Here I annotate each step of the process with explanations of what this code does.

In [1]:
#Imports
import sqlite3
import pandas as pd
import numpy as np
import matchering as mg
import json
from glob import glob
from tqdm import tqdm
from io import StringIO
import sys
import pathlib

import taglib
from datetime import datetime
import shutil
import os
from essentia.standard import MusicExtractor, YamlOutput,MetadataReader, PCA, YamlInput
import warnings
from zipfile import ZipFile
warnings.filterwarnings('ignore')
pd.set_option('max_colwidth', 100)

In [2]:
#Import utility functions from project_tools package
from project_tools.utils import effnet_config, json_opener, adapt_array, convert_array, tag_cleaner, digit2letters
from project_tools.models import Activator, Classifier

Since my sqlite database holds numpy arrays, which aren't a native data type, I need to register two functions `adapt_array` and `convert_array` which are used to handle the arrays.

In [3]:

sqlite3.register_adapter(np.ndarray, adapt_array)
sqlite3.register_converter("array", convert_array)

Connect to the `jaage.db` database

In [4]:
conn = sqlite3.connect("jaage.db", detect_types= sqlite3.PARSE_DECLTYPES)
cur = conn.cursor()

`Loading Dock` is the directory in my hard drive which is the staging area for newly downloaded songs.

`DJ Hub` is where the original files are sent to after being processed.

In [5]:
load_path = "../../../../Volumes/LaCie/Loading Dock/"
dj_hub  = "../../../../Volumes/LaCie/DJ Hub/"

Sometimes downloaded songs are packaged as zip files, so if that is the case I unzip them.

In [6]:
zip_files = glob(load_path+"*.zip")
zip_files

[]

In [7]:
if len(zip_files) > 0:
    for z in zip_files:
        zf = ZipFile(z)
        zf.extractall(path=load_path)
        shutil.move(z,dj_hub)

Collect all the music files.

In [8]:
loading_files = pathlib.Path(load_path).glob("*[.wav, .mp3, .aiff]")

In [9]:
len_loading_files = len(list(loading_files))
print("There are {} files for the ETL pipeline".format(len_loading_files))

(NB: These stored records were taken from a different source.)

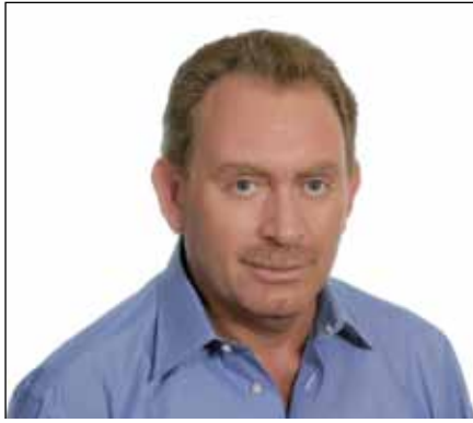
Πέτρος Φιλίππου – Δήμαρχος Σαρωνικού
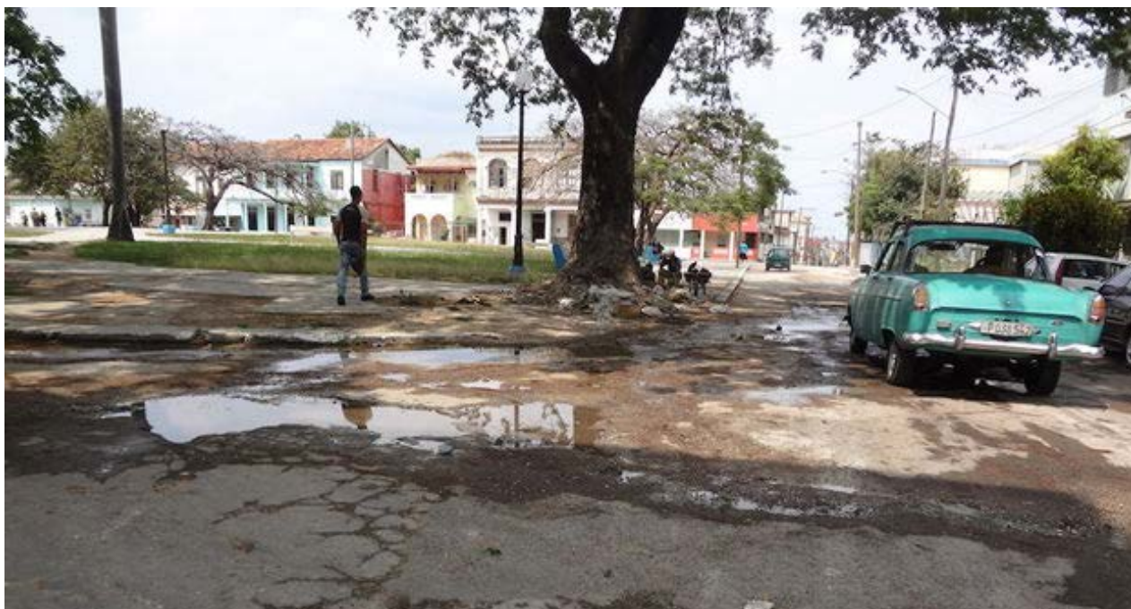
Las calles de La Habana carecen de reparaciones desde hace décadas.
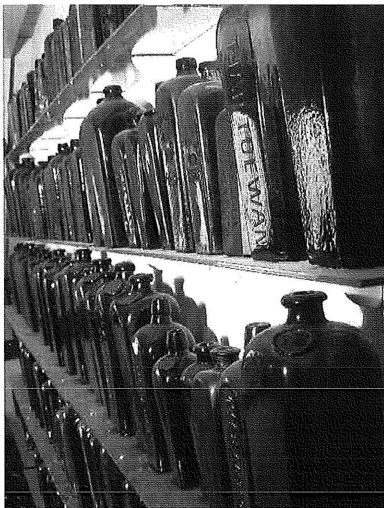
De flessen die de deur uit gaan...

Tegelijkertijd stelde ik vast dat mijn echte interesse blijkbaar wel uitgaat naar algemeen gebruiksglas. Dat is het soort glas dat internationaal aangeduid wordt als "black glass and utilities". Ook eBay kent deze categorie en dat zoekt dus gemakkelijk.
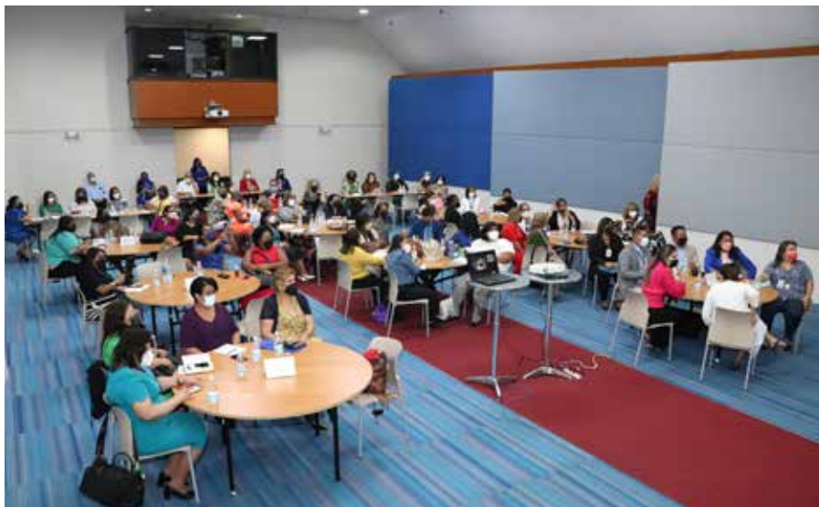
Las escuelas, programas y extensiones del IPHE cuentan con la Certificación Escuelas Seguras, de acuerdo con el Decreto N° 435 del 13 de abril de 2021.

Durante dos días consecutivos, supervisores nacionales, directores y subdirectores de las 14 extensiones, escuelas y programas del Instituto Panameño de Habilitación Especial (IPHE) se reunieron para conocer los lineamientos generales en cuanto a recursos, servicios y apoyos educativos que ofrece la institución para garantizar un buen año lectivo 2022, el cual se inicia de manera presencial. El IPHE cuenta con una matrícula de 16,185 estudiantes en las 4 escuelas, 3 programas, 14 extensiones y 380 centros educativos de inclusión, con el acompañamiento de un equipo docente integrado por 1,174 educadores, así como de 405 miembros del equipo técnico, quienes durante el año lectivo impartirán el Currículo de Enseñanza y Aprendizaje que rige por parte del Ministerio de Educación (Meduca). Durante esta reunión, se impartieron los Lineamientos para el Año Escolar 2022, Conceptos, Herramientas Prácticas y Estrategias Innovadoras para el Apoyo de los Estudiantes en el Proceso de Educación Inclusiva, así como la unificación de los criterios con respecto a la Alineación Curricular para la Educación Especial, con el objetivo de mantener la práctica de la especificidad. También se conversó sobre el trabajo que se
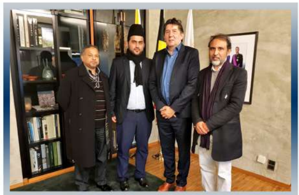
Rencontre avec le gouverneur de la province du Limbourg
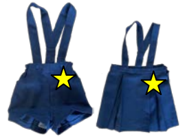
ズボン・スカート
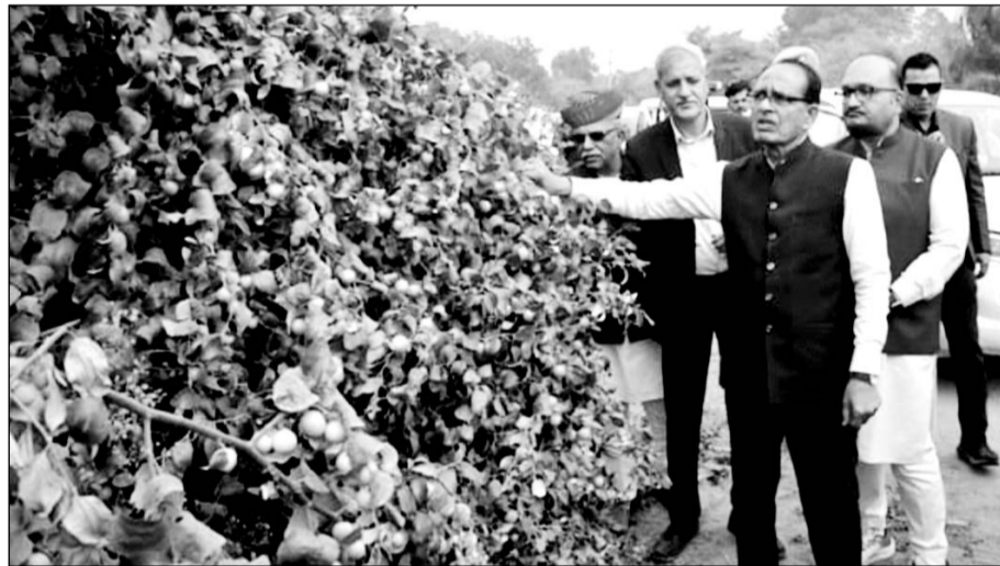
केन्द्रीय कृषि एवं किसान कल्याण मंत्री शिवराज सिंह चौहान ने काजरी का दौरा किया।

इस दौरान उन्होंने कहा कि प्रधानमंत्री नरेन्द्र मोदी का संकल्प किसानों की आय को बढ़ाना है। खेती से किसान को अच्छी आय हो और देश में अनाज, फल आदि के भण्डार भरे रहे, इसके लिए आईसीएआर काम कर रही है। उन्होंने कहा कि किसानों को खेती से मुनाफा बढ़ाने के लिए उन्हें जल्दी पकने वाली, कम समय, कम पानी की आवश्यकता वाली, लागत कम और मुनाफा अधिक हो ऐसी किस्में उपलब्ध करवायी जा रही हैं, ताकि किसान की आय बढ़े। कृषि मंत्री ने कहा कि खेती में लाभ अर्जित के लिए कृषि में विविधिकरण होना आवश्यक है। यज्ञे खुशी है कि काजरी संस्थान में जो समन्वित कृषि कैफेटेरिया एवं विभिन्न कृषि प्रणालियों
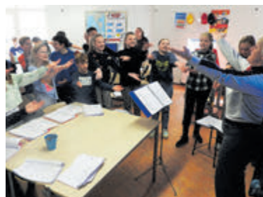
Repeteren uit volle borst bij vele scholen in de regio Castricum.

De kaartverkoop start haverwege mei, dus let op berichten in de media of kijk op www.kidsinconcert.nl voor meer informatie.
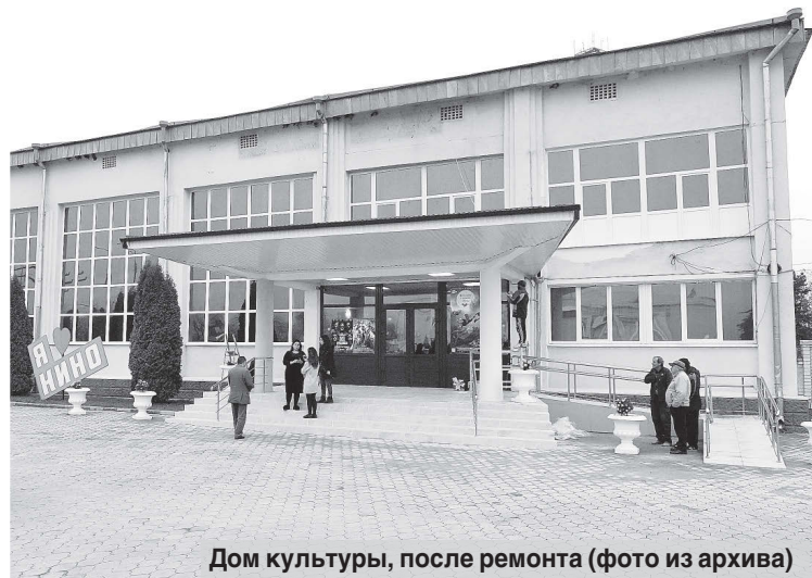
Дом культуры, после ремонта

и реализации госпрограмм, готовятся и подаются бюджетные заявки на участие в них, а также мы сопровождаем прохождение заявок в республиканских и федеральных органах власти.
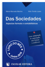
LIVRO DO MÊS DAS SOCIEDADES
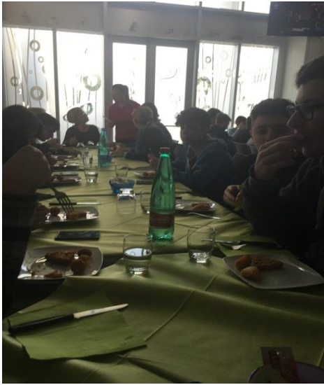
Finalmente si pranza
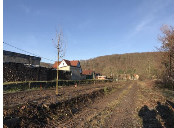
Plantations, gare d'Ottrott

Les études du mobilier sur mesure ainsi que des structures (belvédère, portes de la Léonardsau et les différentes passerelles) sont en cours de finalisation . La validation va se poursuivre prochainement par la phase de réalisation des prototypes.
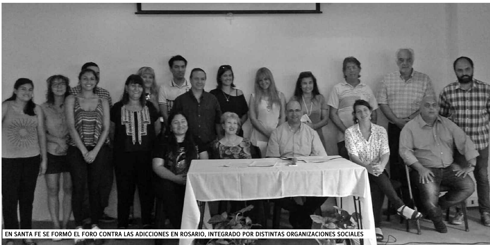
EN SANTA FE SE FORMÓ EL FORO CONTRA LAS ADICCIONES EN ROSARIO, INTEGRADO POR DISTINTAS ORGANIZACIONES SOCIALES
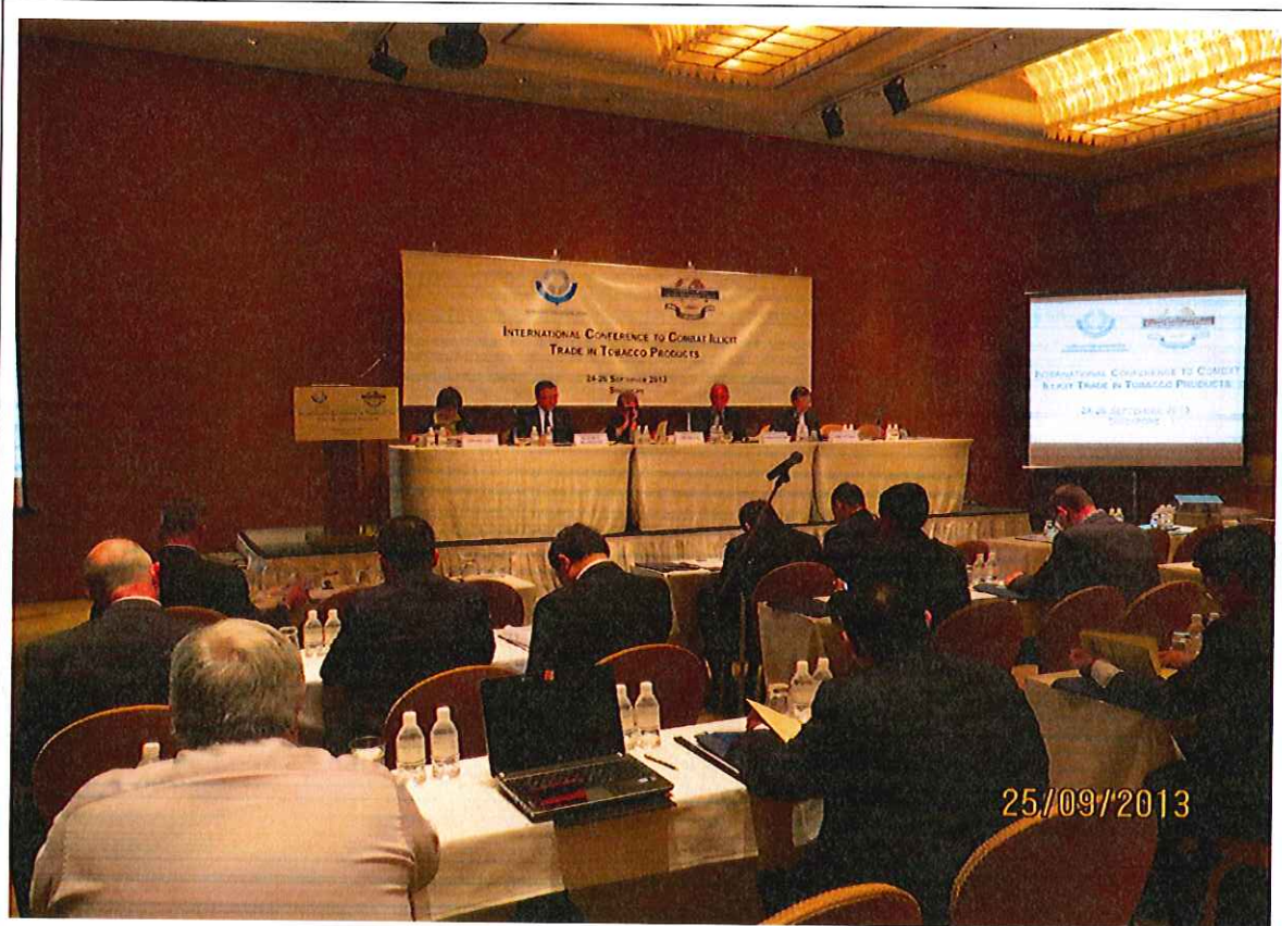
會議進行時，會場一角視景（一）。
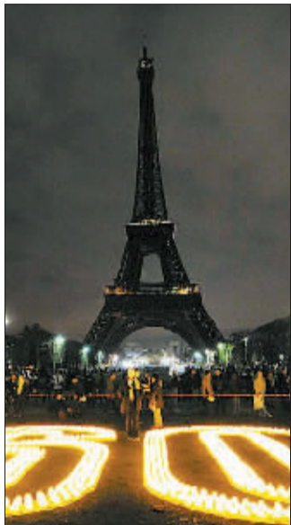
巴黎埃菲尔铁塔的景观灯被关闭。
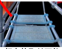
板布枠取付可能 (お客様にてご用意下さい)
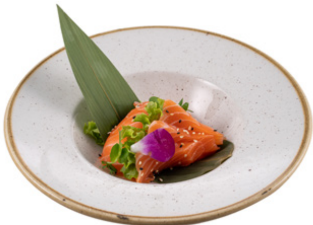
90 · CHIRASHI SAKEDON | € 14,00 Fettine di salmone su letto di riso con sesamo allergeni: 4-11
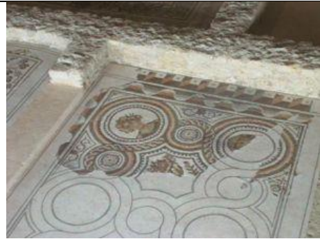
Villa Loupian V e siècle 4
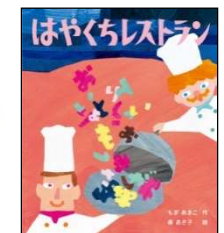
11月 はやくちレストラン もぎ あきこ／作 森 あさ子／絵 金の星社 2021年 ¥1300

7時47分 7じ47ぶん 。げんかんをとび出し、ゴウゴウと走りだした男 おとこ の子 こ 。今日 けふ はぜったい8時 8じ までに学校 がっこう に行 い かなくてはならないのです。しかし、行 い く手 て には次々 つぎつぎ と障害 しょうがい が…。ダイナミックなイラストと、1分単位 1ぶんたんたい で進むページに、はらはらドキドキがとまりません。はたして男 おとこ の子 こ は、ぶじ学校 がっこう に間に合 あ うのか！？
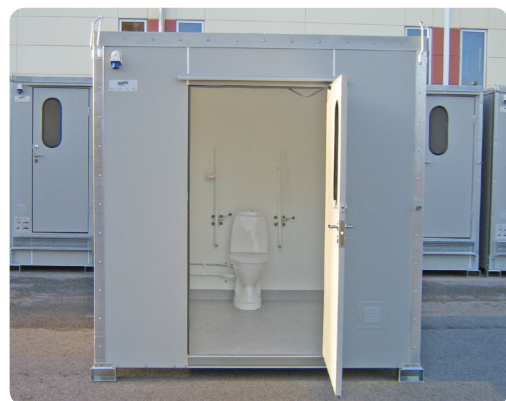
Beh.WC-Kabine Toilettenkabine mit einem grösseren Beh. WC-Raum - für den Anschluss ans Frisch- und Abwassernetz.
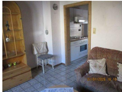
OG Zimmer 5d
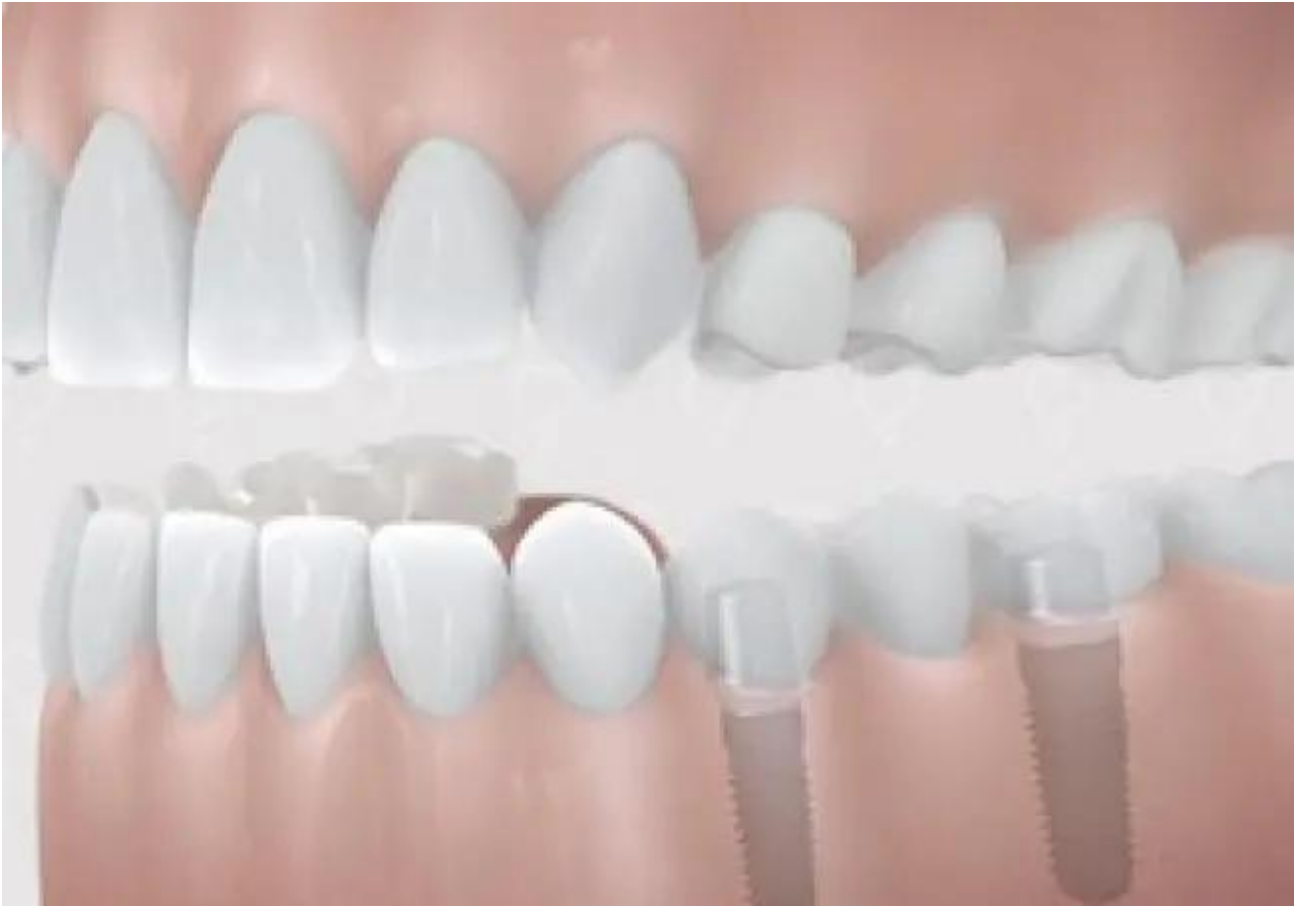
Volledig gebit boven- of onderkaak vervangen - vaste prothese
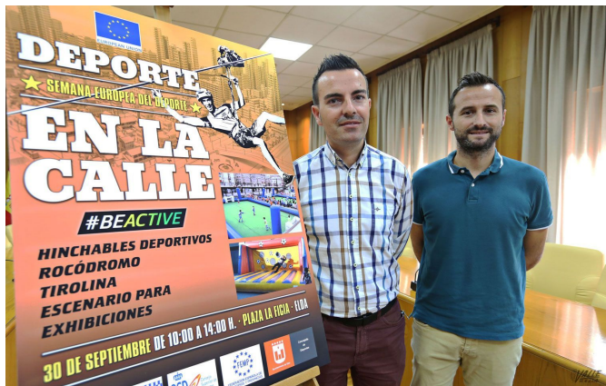
Gómez y Martínez han presentado esta actividad | Jesús Cruces.
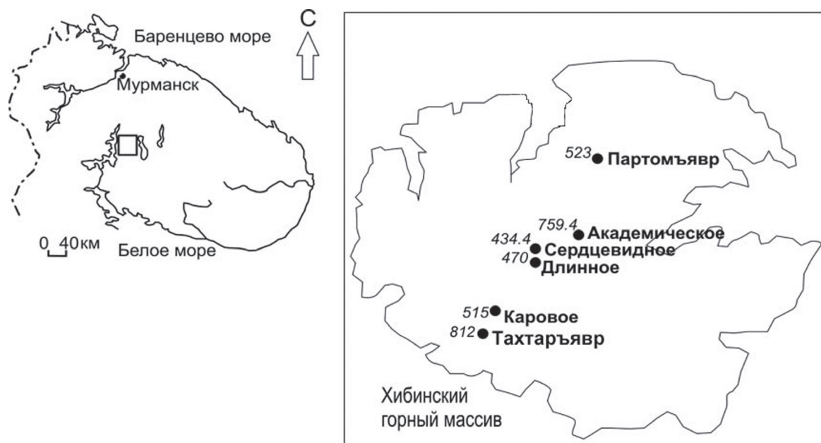
Рис. 1. Карта-схема расположения малых озер Хибинского горного массива и прилегающих территорий с указанием высоты над уровнем моря, м.
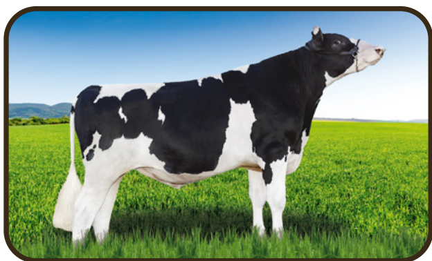
PAI - BLUMENFELD FRAZLD BRASS-ET
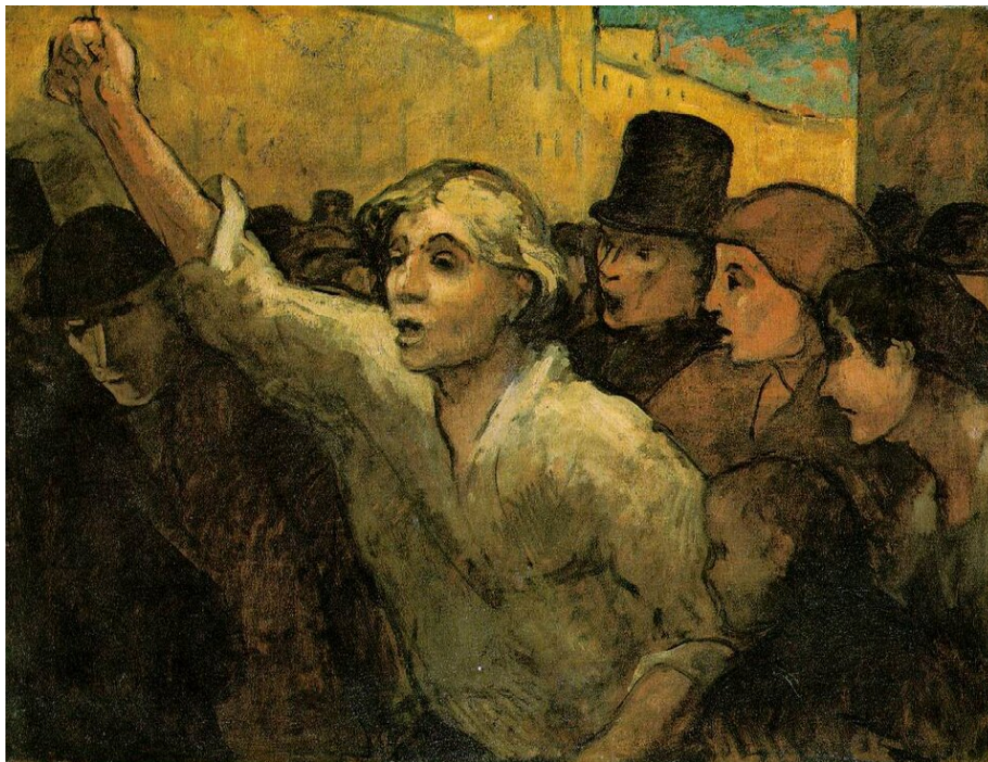
Honoré Daumier, Powstanie , XIX w.

There are 7 files for the ETL pipeline


In [10]:
loading_files = pathlib.Path(load_path).glob("*[.wav, .mp3, .aiff]")

## Process Steps

### 1. Mastering


### 2. Essentia Features Extraction


### 3. Effnet Embeddings and Genre Activations

### 4. Style, Mood, and Genre Classification



### Mastering

Here I use the [matchering](https://github.com/sergree/matchering) package to adjust the sound and levels of the fresh batch of songs to make them more appropriate for DJing.


The tool works by taking the sound of an existing song and adjusts new songs on based on it.

In [11]:
#The song used to adjust other songs.
ref_file = '../../../../Volumes/LaCie/DJ Hub/Rayko - Magnetized (Rayko rework).wav'
#The directory where all my music is stored.
collection = "Collection"


- Loop over the new files in the `loading_files` list, 

- Process them using matchering, 

- Then move them to collection

- Move original files to DJ Hub

In [12]:
new_file_paths = []
for f in tqdm(loading_files):
    out_stem = f.stem
    out_path = f.parent.parent/collection/f.stem
    out_path = out_path.as_posix() +".wav"
    
    mg.process(target= f.as_posix(),
              reference=ref_file, 
              results = [mg.pcm24(out_path)])
    
    load_tags = taglib.File(f.as_posix())
    mastered_tags = taglib.File(out_path)
    mastered_tags.tags = load_tags.tags
    mastered_tags.save()
    
    new_file_paths.append(out_path)
    
    try:
        shutil.move(f.as_posix(), dj_hub)
    except:
        print(f, "already exists")
        os.remove(f.as_posix())
    

6it [03:43, 33.66s/it]

../../../../Volumes/LaCie/Loading Dock/Istanbul 70 by Barış K - ISTANBUL70 - Disco, Psych, Folk edits by Barış K Vol.5 - 01 Şenay - Dalkavuk (Barış K edit).aiff already exists


7it [04:13, 36.18s/it]

../../../../Volumes/LaCie/Loading Dock/Istanbul 70 by Barış K - ISTANBUL70 - Disco, Psych, Folk edits by Barış K Vol.5 - 02 Modern Folk Üçlüsü feat. Ayşegül Aldinç - Dönme Dolap (Barış K edit).aiff already exists





**Before I move on to the next step I head over to RekordBox (the program I use to manage my library) and upload the new batch of songs on there and edit their metadata tags**

### Music Extraction

I use essentia to extract a variety of musical features and metadata from the songs.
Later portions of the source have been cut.